EXERCISE AIM: Look below for the line that has "This St. Nick’s". Set down the lines from there through the line that has "近期,公司連續收到業主及總包", exactly as written.

Start of INFORMATION PROVIDED

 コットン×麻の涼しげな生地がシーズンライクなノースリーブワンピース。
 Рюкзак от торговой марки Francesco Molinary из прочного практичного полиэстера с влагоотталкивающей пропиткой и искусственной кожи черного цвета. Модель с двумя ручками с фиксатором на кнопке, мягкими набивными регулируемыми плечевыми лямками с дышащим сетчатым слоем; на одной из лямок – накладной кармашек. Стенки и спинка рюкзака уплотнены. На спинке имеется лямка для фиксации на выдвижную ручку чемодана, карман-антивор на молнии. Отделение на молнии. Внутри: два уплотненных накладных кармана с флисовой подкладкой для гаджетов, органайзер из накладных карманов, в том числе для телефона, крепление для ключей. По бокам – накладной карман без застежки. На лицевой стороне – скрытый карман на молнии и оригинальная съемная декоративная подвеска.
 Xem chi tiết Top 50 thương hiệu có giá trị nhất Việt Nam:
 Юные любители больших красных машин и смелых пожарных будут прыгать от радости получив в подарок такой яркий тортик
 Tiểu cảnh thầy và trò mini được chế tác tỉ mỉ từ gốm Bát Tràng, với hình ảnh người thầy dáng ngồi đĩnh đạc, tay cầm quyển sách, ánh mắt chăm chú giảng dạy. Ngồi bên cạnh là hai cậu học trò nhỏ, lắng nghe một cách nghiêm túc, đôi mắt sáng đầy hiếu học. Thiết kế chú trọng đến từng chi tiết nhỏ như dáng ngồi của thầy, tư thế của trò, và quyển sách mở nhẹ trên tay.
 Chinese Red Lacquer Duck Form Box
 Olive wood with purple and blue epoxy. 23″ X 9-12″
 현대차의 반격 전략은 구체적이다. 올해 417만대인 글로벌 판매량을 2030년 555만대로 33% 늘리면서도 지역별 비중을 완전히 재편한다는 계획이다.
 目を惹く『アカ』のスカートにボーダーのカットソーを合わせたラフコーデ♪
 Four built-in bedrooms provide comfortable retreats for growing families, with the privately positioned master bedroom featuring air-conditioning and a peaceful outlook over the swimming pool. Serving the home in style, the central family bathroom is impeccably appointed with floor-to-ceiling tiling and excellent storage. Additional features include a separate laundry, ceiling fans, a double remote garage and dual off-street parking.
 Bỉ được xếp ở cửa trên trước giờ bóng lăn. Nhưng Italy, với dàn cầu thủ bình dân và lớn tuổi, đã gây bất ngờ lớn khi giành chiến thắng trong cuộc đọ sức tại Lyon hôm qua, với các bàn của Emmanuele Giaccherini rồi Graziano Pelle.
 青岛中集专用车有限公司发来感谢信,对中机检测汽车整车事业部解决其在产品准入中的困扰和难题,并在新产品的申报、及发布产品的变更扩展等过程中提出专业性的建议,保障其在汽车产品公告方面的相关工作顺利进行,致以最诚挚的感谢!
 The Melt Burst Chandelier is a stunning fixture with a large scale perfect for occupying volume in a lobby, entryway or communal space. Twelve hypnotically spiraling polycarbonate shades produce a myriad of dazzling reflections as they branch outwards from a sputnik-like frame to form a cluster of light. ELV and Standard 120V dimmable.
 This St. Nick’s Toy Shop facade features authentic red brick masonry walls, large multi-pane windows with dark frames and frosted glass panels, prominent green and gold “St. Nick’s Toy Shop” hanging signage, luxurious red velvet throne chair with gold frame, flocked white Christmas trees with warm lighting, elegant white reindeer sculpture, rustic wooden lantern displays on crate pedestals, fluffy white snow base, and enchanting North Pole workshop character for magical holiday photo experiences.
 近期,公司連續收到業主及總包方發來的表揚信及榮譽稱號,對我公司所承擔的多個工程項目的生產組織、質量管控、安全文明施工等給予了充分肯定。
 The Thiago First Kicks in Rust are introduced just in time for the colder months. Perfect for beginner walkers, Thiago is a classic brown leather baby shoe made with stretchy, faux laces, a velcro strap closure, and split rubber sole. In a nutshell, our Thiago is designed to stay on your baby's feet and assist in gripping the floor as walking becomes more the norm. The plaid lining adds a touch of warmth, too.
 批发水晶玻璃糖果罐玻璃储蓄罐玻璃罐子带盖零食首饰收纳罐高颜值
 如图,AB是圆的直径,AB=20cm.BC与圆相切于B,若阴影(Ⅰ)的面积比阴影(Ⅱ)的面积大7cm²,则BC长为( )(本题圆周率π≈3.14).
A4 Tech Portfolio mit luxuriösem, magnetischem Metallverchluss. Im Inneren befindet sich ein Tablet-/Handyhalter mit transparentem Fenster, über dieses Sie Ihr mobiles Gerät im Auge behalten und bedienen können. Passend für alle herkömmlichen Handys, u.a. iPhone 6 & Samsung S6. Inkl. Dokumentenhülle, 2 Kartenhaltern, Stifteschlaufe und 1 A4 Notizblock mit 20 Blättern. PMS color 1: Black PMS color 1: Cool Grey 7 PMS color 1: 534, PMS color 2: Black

End of INFORMATION PROVIDED

ANSWER SPACE:
 This St. Nick’s Toy Shop facade features authentic red brick masonry walls, large multi-pane windows with dark frames and frosted glass panels, prominent green and gold “St. Nick’s Toy Shop” hanging signage, luxurious red velvet throne chair with gold frame, flocked white Christmas trees with warm lighting, elegant white reindeer sculpture, rustic wooden lantern displays on crate pedestals, fluffy white snow base, and enchanting North Pole workshop character for magical holiday photo experiences.
 近期,公司連續收到業主及總包方發來的表揚信及榮譽稱號,對我公司所承擔的多個工程項目的生產組織、質量管控、安全文明施工等給予了充分肯定。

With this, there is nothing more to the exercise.